Moore, an Irish upstart whose gorgeously drawn animations reference classical Irish manuscripts, is already competing against the biggest animation studios in the world, so just to clinch this nomination puts him in the master animator leagues and is a real thing for the Irish to take pride in.

Other Irish Oscar nominations that may have escaped your notice include one for director John Carney, whose 2008 low budget Irish film Once delighted the audience when its title song “Falling Slowly” picked up an Oscar for Best Original Song.

This year a song from Carney’s latest film Begin Again called “Lost Stars” (performed by Keira Knightley) is once again in competition in the same category.

Boogaloo and Graham is a delightful short film nominated in the Live Action Short category. It follows two Belfast boys named Jamsey and Malachy whose lives are transformed when their dad presents them with two baby chicks to look after. But as the film shows, that’s not the only surprise ahead of them.

Director Michael Lennox was born and raised in Northern Ireland and directed his first feature film in December starring Conleth Hill and Ian McElhinney (both from Game of Thrones). The Oscar nod will see him emerge as a bright new Irish talent in an award season filled with them.

Rory Kennedy, the youngest daughter of Robert F. Kennedy, was nominated for Best Documentary Feature for her work alongside Kevin McAlester in Last Days in Vietnam.

The hard hitting documentary feature follows what happens as the Vietnam War drew to a close, as the U.S. government’s refusal to face up to the approaching final days led to chaos in the last hours of Saigon’s fall.

As U.S. personnel and members of the South Vietnamese army were being evacuated, panic stricken South Vietnamese citizens who aided the losing side learned that they would be left behind.

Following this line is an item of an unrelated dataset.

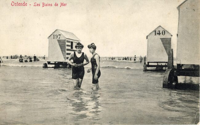 Victor Grégoire/V.G. - Ostende - Les bains de mer. - Twee vrouwen doen aan pootjebaden. We zien de traditionele badkarren.

As far as TV goes, one of the rubberneck moments at the Golden Globes was delivered via Dominic West, Colin Donnell and Maura Tierney’s sensational new Showtime drama The Affair, which won two of the most coveted television drama awards for best show and best actress.

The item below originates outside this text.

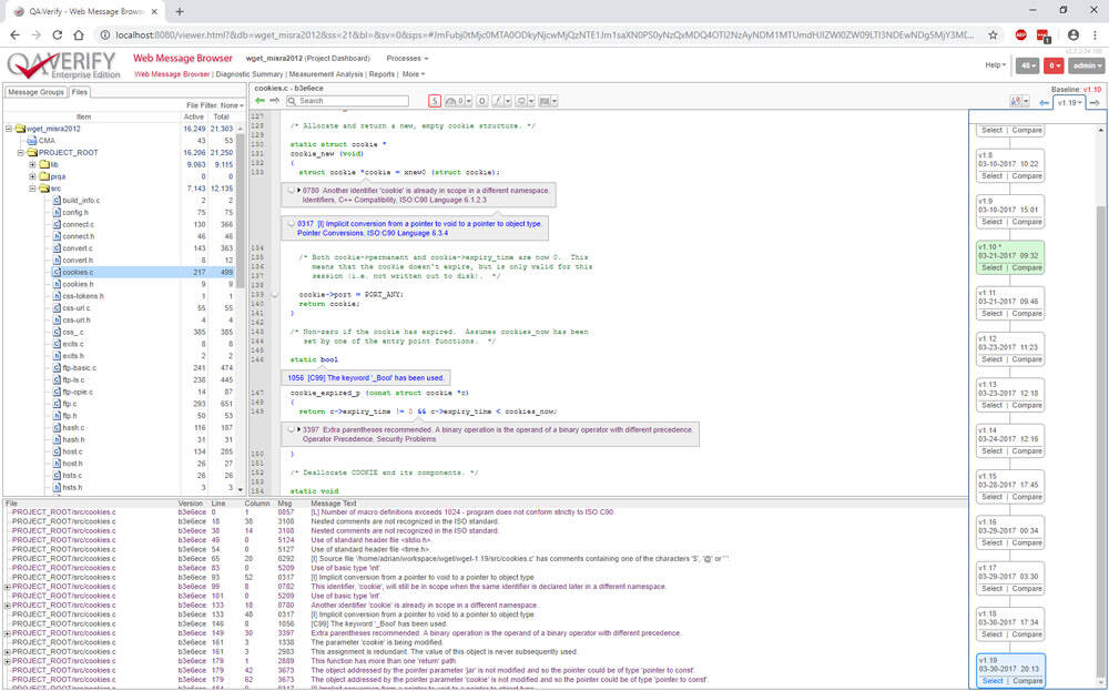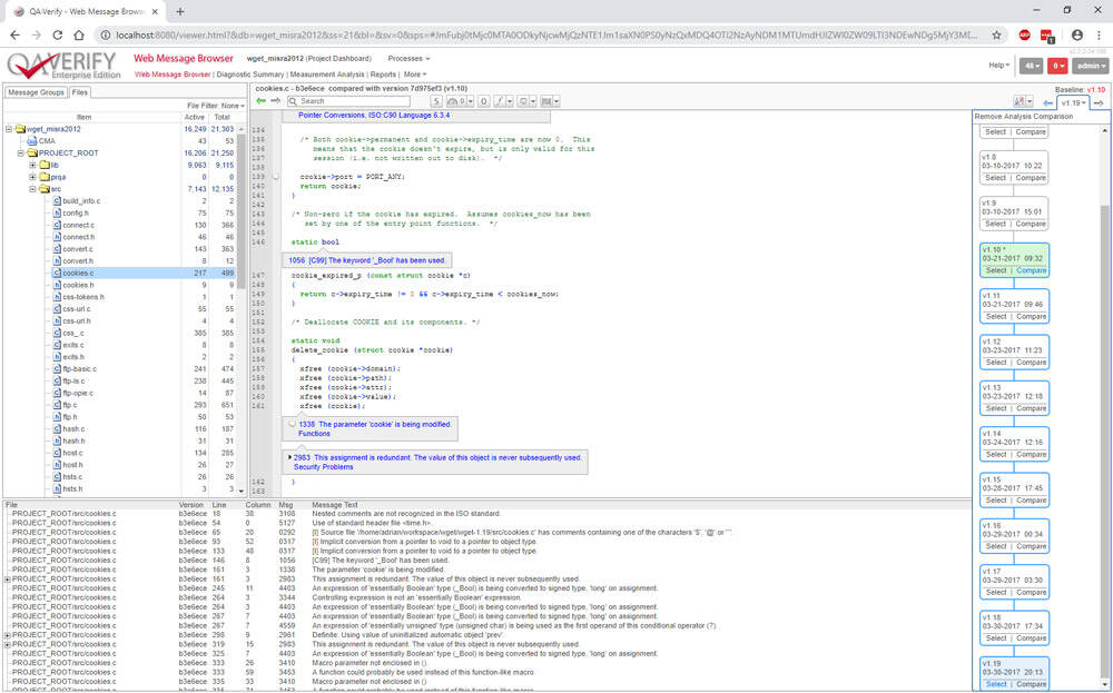 在某些情况下,您可能会从一个项目到另一个项目复用源代码。但是,有些源代码没有根据编码规范开发。如果您需要实现合规(如MISRA合规),这可能会产生问题。通过使用Perforce静态代码分析工具,如Helix QAC for C/C++或Klocwork for C, C++, C#, Java, JavaScript, Python,很容易看到代码中的错误所在。

In the show West -- a graduate of Trinity College Dublin and married to an Irish aristocrat, Catherine Fitzgerald (they were wed at the family castle in Glin, Co. Limerick) -- plays Noah Solloway, a writer and schoolteacher who is happily married to Helen, (played by Boston born Maura Tierney.

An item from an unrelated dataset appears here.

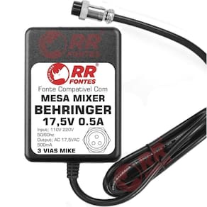 Fonte compativel com mixer mesa de som behringer eurorack Ac 17,5v 500ma bivolt com chave de seleção de voltagem 110v/220v Para os modelos; Eurorack mx1602 Eurorack mx1604a Eurorack mx802a Pro mixer dx100 Pro mixer dx500 Foto meramente ilustrativa Rrfontes
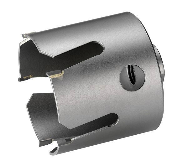 Hartmetall-Bohrkronen 60 Trockenbau; Arbeitslänge: 60 mm mit aufgelöteten Hartmetallsegmenten, Bohrkronenaufnahme M16, geeignet für: Sperrholz, Kunststoffe (PVC), Fermacell, Tischlerplatte, Spanplatte und GFK. Ausführung: Höhe 8 mm; Segment Länge: 2,5 mm; Anzahl: 5; Ø: 68 mm.

They live in Brooklyn with their four children thanks to the financial help from Helen’s wealthy father, who pays for their spacious brownstone. Noah’s writing career isn’t the ascent to fame and fortune that he hoped it would be and – while staying at his in-law’s estate in Montauk – he falls under the spell of a beautiful young waitress who takes him out of himself but threatens everything he has.

“He realizes that his life isn’t what he thought it was, and his life eventually falls apart,” West told The Hollywood Reporter. You can say that again, as anyone familiar with this intense high stakes series can attest to.

West was born to an Irish Catholic family in Yorkshire and attended the most famous private school in the country, Eton College (British Prime Minister David Cameron is a graduate) before studying at Trinity. His American accent is so convincing that his previous stint on The Wire had audiences convinced he was native-born.

Tierney plays West’s wife on the show and her character is, in the actress’s own words, a tiny bit annoying.

“Because she’s sort of perfect,” Tierney told the press. “She’s a great mom -- she has four kids -- and she’s a successful businesswoman that has a fair-trade, eco-friendly store, and she sort of grew up wealthy, so she’s kind of in a great place. But little does she know...”

Donnell was best known for his Broadway performance in Anything Goes and his turn in the CW television series Arrow. But now the 32-year-old actor has achieved a whole new level of exposure playing Scotty Lockhart, the is-he-isn’t-he character at the center of the show’s cliffhanger finale.

Donnell has Irish and French ancestry and grew up in St. Louis, where school musicals were his thing. He thought football would be his career but Broadway eventually beckoned.